### AVAILABLE DATA
──────────
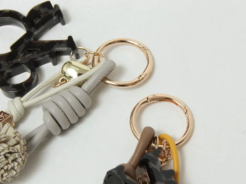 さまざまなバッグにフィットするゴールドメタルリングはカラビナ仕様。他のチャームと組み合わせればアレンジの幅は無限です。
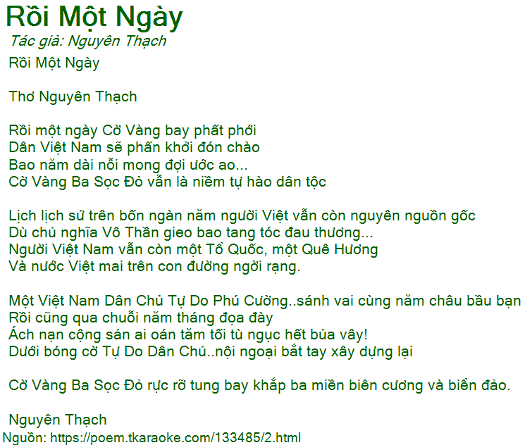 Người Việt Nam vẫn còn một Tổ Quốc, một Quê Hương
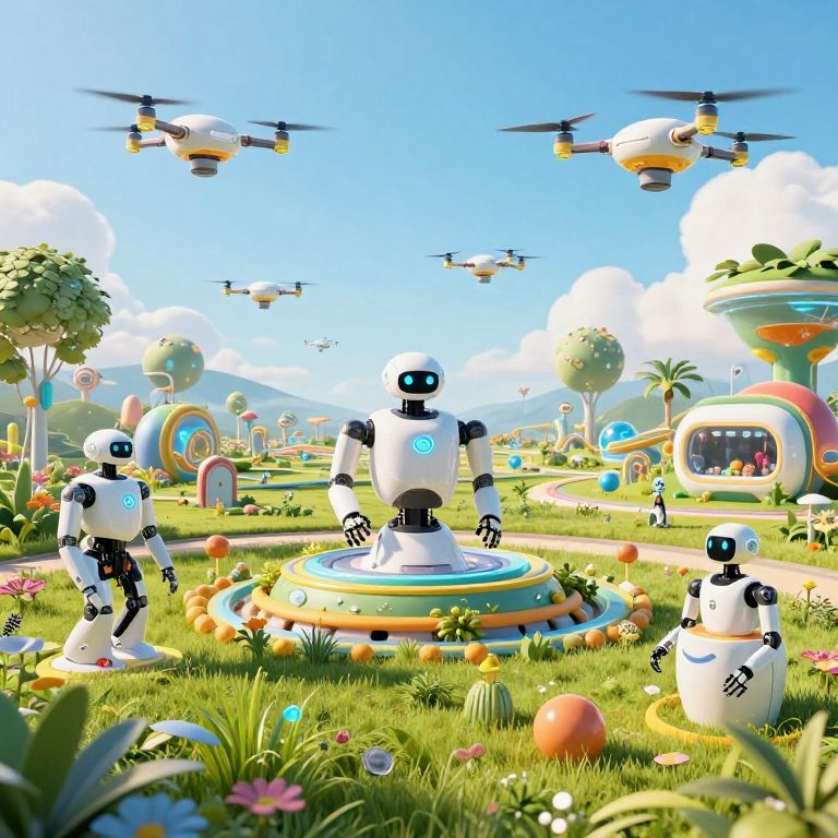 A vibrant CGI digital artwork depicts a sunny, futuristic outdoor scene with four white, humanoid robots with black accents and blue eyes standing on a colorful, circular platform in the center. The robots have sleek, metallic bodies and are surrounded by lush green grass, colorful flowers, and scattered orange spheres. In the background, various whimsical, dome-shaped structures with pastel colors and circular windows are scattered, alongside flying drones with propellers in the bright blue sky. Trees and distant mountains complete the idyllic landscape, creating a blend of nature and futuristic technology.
──────────
Copy out the data above exactly, except the pictures.

### SOLUTION TO THE EXERCISE
 さまざまなバッグにフィットするゴールドメタルリングはカラビナ仕様。他のチャームと組み合わせればアレンジの幅は無限です。
 Người Việt Nam vẫn còn một Tổ Quốc, một Quê Hương
 A vibrant CGI digital artwork depicts a sunny, futuristic outdoor scene with four white, humanoid robots with black accents and blue eyes standing on a colorful, circular platform in the center. The robots have sleek, metallic bodies and are surrounded by lush green grass, colorful flowers, and scattered orange spheres. In the background, various whimsical, dome-shaped structures with pastel colors and circular windows are scattered, alongside flying drones with propellers in the bright blue sky. Trees and distant mountains complete the idyllic landscape, creating a blend of nature and futuristic technology.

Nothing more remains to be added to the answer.